**DATA LISTING:**
******************************
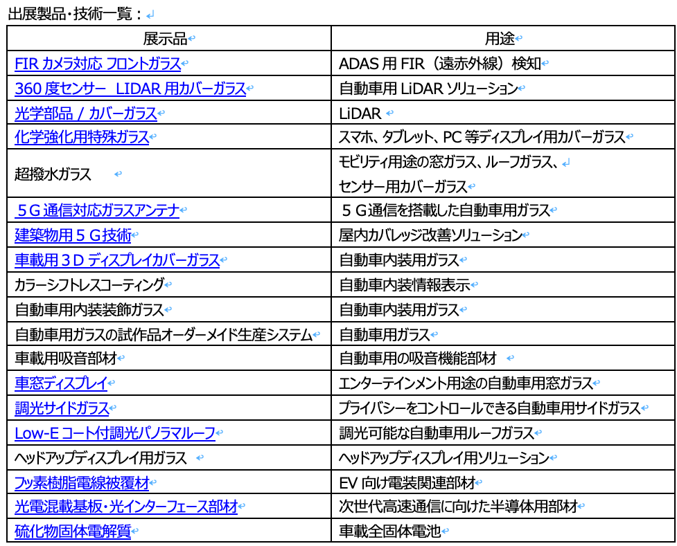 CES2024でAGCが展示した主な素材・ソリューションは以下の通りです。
******************************
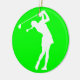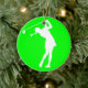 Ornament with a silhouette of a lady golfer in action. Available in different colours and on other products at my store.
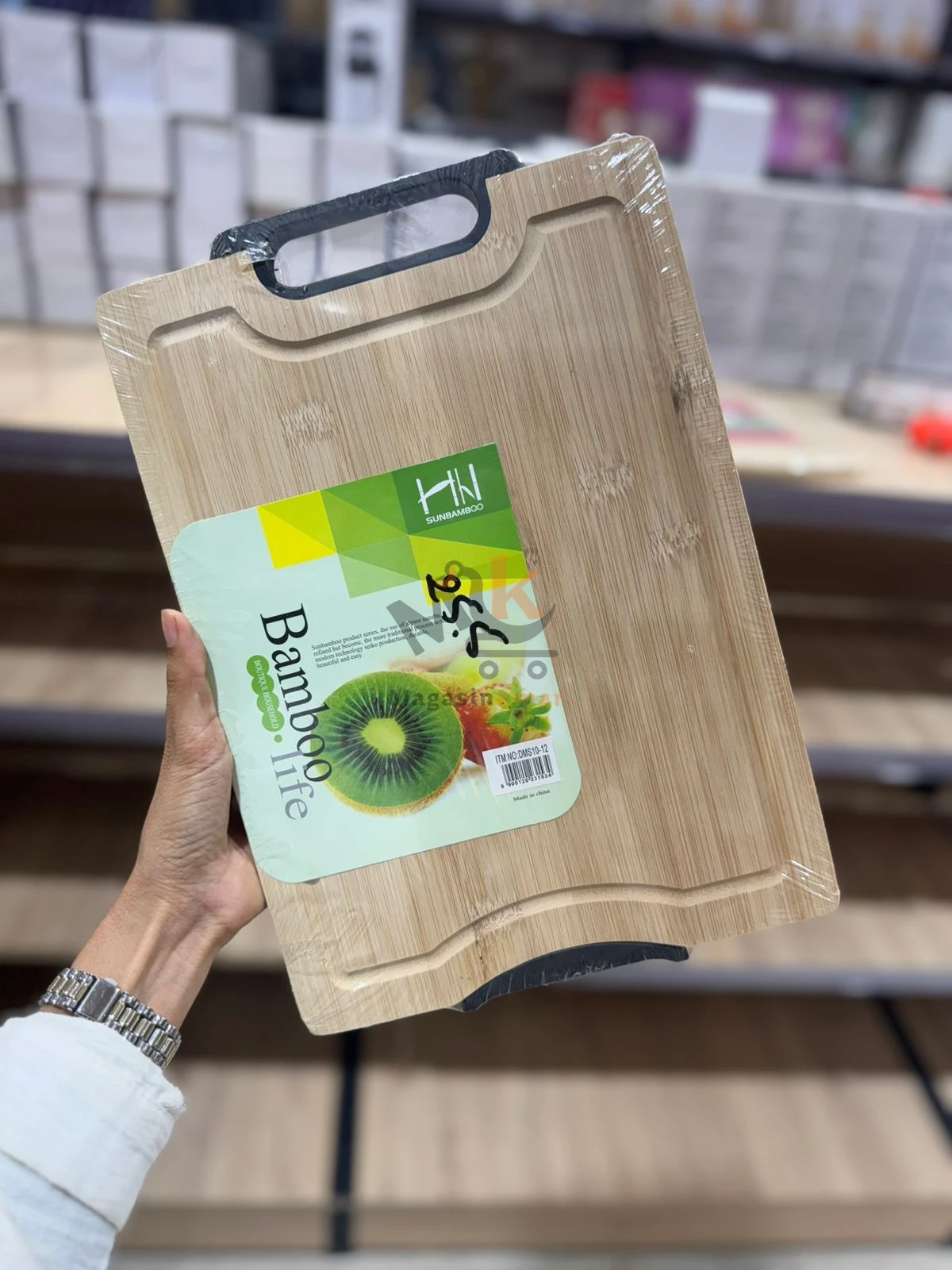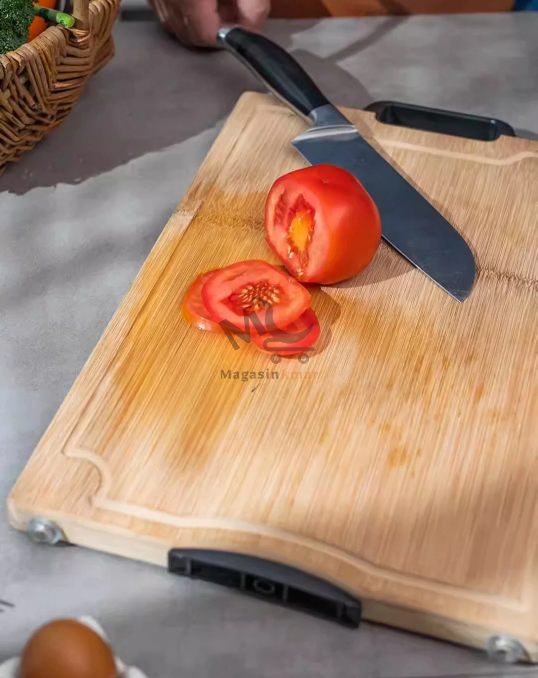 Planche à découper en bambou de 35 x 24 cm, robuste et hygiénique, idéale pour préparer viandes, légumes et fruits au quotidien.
******************************
**WHAT IS BEING ASKED:**
Write out again exactly the lines above from the one with "Ornament with a" through the one with "Planche à découper", adding no other lines and no pictures.

**TASK RESPONSE:**
 Ornament with a silhouette of a lady golfer in action. Available in different colours and on other products at my store.
 Planche à découper en bambou de 35 x 24 cm, robuste et hygiénique, idéale pour préparer viandes, légumes et fruits au quotidien.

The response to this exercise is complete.